He wondered if they had been followed to the museum, and whether any of the half a dozen visitors who wandered round were from the other side. It was being very skilfully done; even he with his experience, couldn't pick out a suspect in the hotel. He lit a cigarette while he waited. Women were erratic creatures; why should she have found the foolish legend of the slave and the tamarind seed so fascinating that she had to go and look at the exhibit a second time? Perhaps she thought it was romantic. He wished she would transfer a little of that romanticism to their relationship. He had been thinking of sex in terms of therapy. In the ten days he had spent with Judith Farrow, he had got no sex and there was very little time left. But the therapy had worked without it. He had begun to see clearly again. He had started to function at his right level of efficiency. There was a schizoid feeling about the life of lazy lotus eating, teasing the girl about the issues which divided one half of the world against the other, giving himself up to erotic fancies as they lay in the sun together. He hadn't wanted to know more than her name and what she was doing in America. She had told him one night she was a widow, and had no children. He hadn't questioned her beyond that. Now he was beginning to find the gaps unsatisfactory. He wanted to know about her past life; about the dead husband and why she was so determined not to be seduced. He smiled as he saw her come out of the museum and hurry towards him. ‘I wanted to make sure of the place,' she said. ‘Haywards Plantation, St. Peter's.'

‘And you are going to look for the tamarind tree—you really believe it exists?'

‘I don't know, but anyway, I'm going to look for it. I want one of those seeds—just to prove something to you!'

‘I am a Russian,' Sverdlov said. ‘We are the people who invented fairy tales.'

‘I know, like the existence of God,' Judith said. They were walking back to the Minimoke. ‘You said all that before.'

‘We have had a lot of dialectic disagreements,' he remarked. ‘And they haven't made a difference to us.' For a fraction of a second he thought of his wife; perhaps his heresy had conjured her ten thousand miles. ‘We've proved it's possible to co-exist.'

‘Maybe it's because we're on neutral ground,' she answered. Sverdlov put the key in the dashboard socket and turned it.

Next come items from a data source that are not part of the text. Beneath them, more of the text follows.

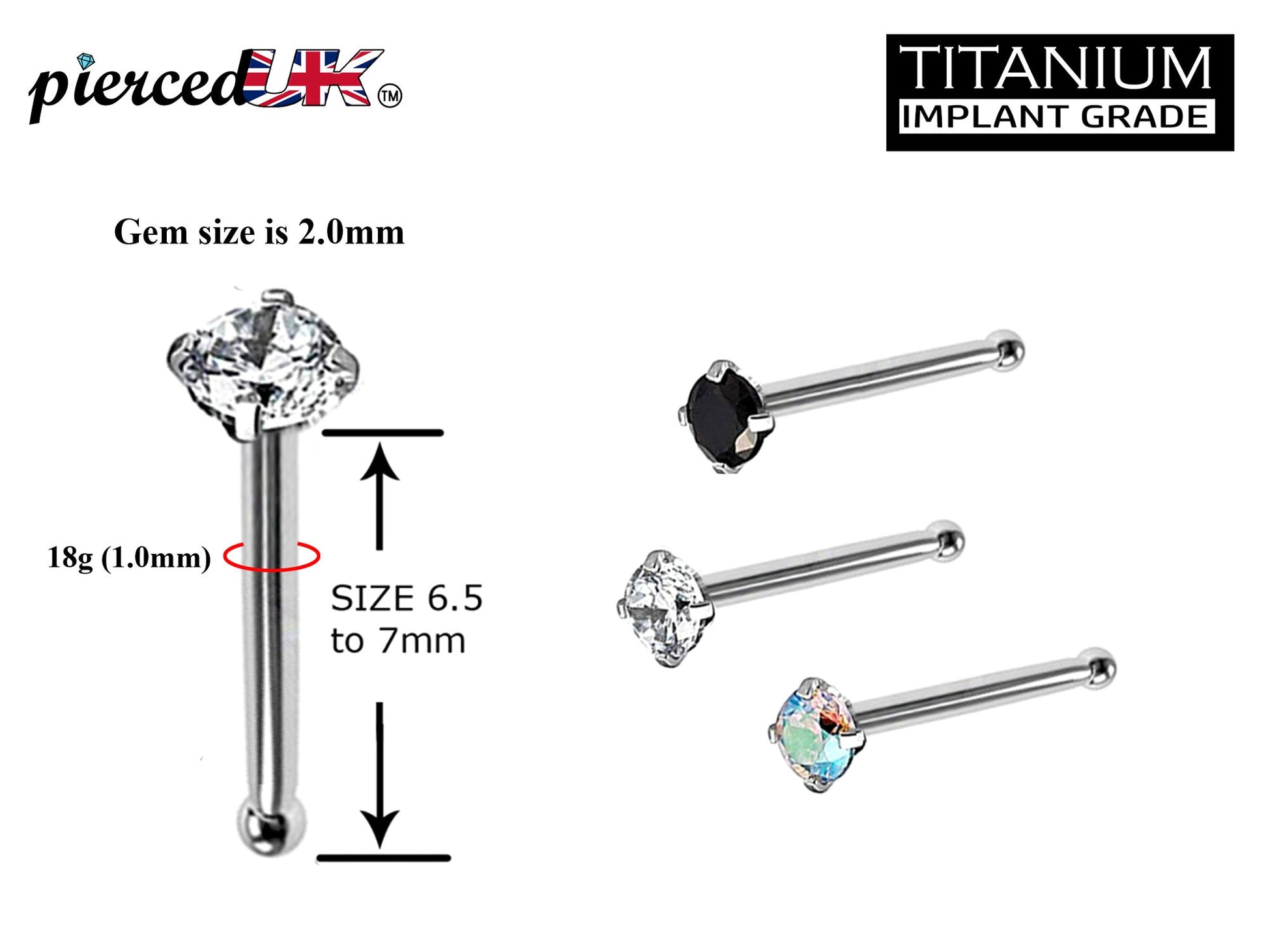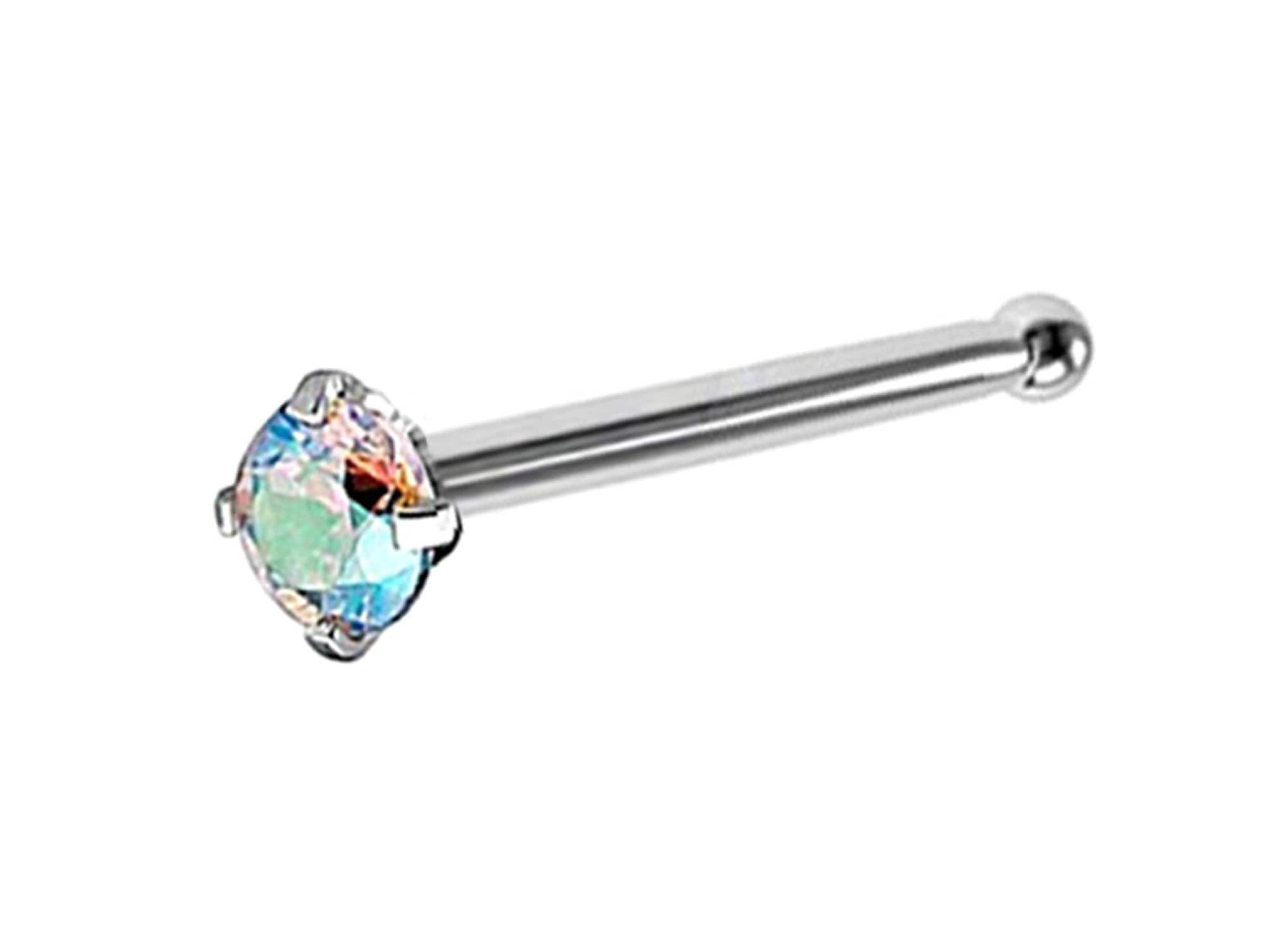 Titanium Nose Pin, Nose Studs - Nose Bone Stud with Prong Set CZ Crystals - Nose Piercing Size 18g (1.0mm)
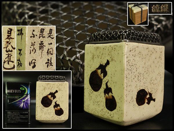 > 【金閣】京名工 尾形乾山 在銘 茄子図 四方 香炉 純銀火舎 八雲 在銘 刻印有 7cmx7cm 高10.7cm 時代箱 旧家蔵出 送料無料(ME720)
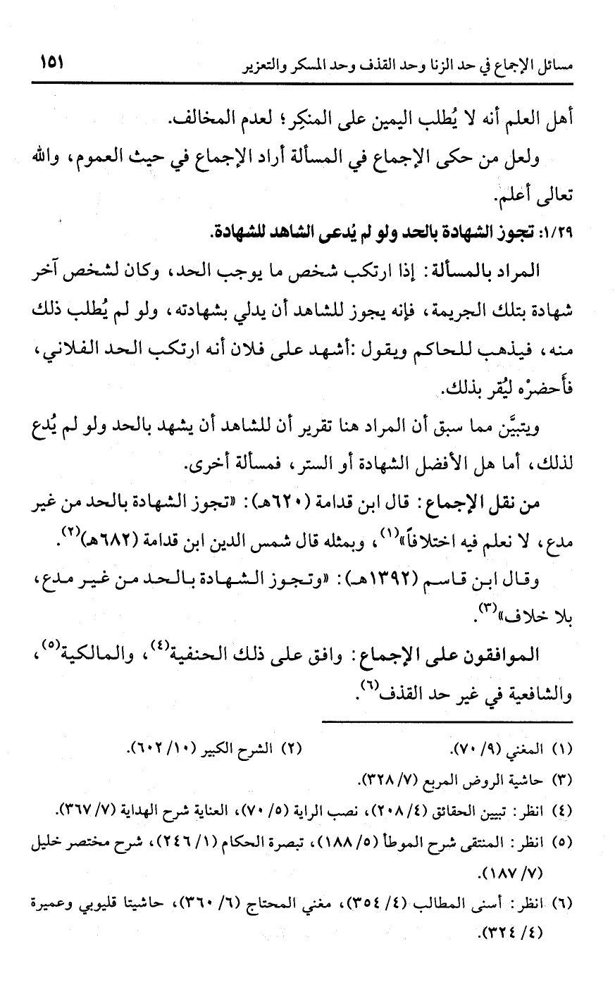 [29/ 1] تجوز الشهادة بالحد ولو لم يُدعى الشاهد للشهادة.

‘Too neutral,' he said. ‘But I am optimistic. I put my faith in the fire-eaters tonight.'

‘And what difference will they make?'

He switched on the engine and the little car jumped forward. ‘They will melt your heart,' he said. ‘Now we go to the harbour.'

He drank so much whisky that evening that for the first time he became a little drunk. The dinner was excellent; Judith had bought a culotte dress from an expensive boutique in Bridgetown, and the flaring pink colour suited her; people stared at them as they took their table. The setting was so exotic that they both decided it was funny. Palm trees fringed the floodlit dance floor, candles flickered in the storm glasses on each table, waiters in white monkey jackets and crimson cummerbunds weaved in and out, while a steel band thudded out Western pop music to an African beat. The wind had risen and the sea hammered at the sandy beach behind them. The moon was brighter than the artificial lighting.

It suddenly occurred to Judith, in the middle of the limbo dancing, that she could never have enjoyed such a place with Richard Paterson. He would have made her feel it was ridiculous. At that moment, he was difficult to visualise. She realised with a sense of guilt, that thinking about him didn't bring his face immediately into focus as it used to do. But she knew early on that she would have trouble with Sverdlov. He insisted on dancing in the old-fashioned way which allowed him to press her tight against him.

‘Look at them,' he whispered, mouth up to her ear, ‘look at these people, dancing with themselves. To us, in Russia, this is degenerate. Don't pull away from me, it's not polite.' And she felt him laughing.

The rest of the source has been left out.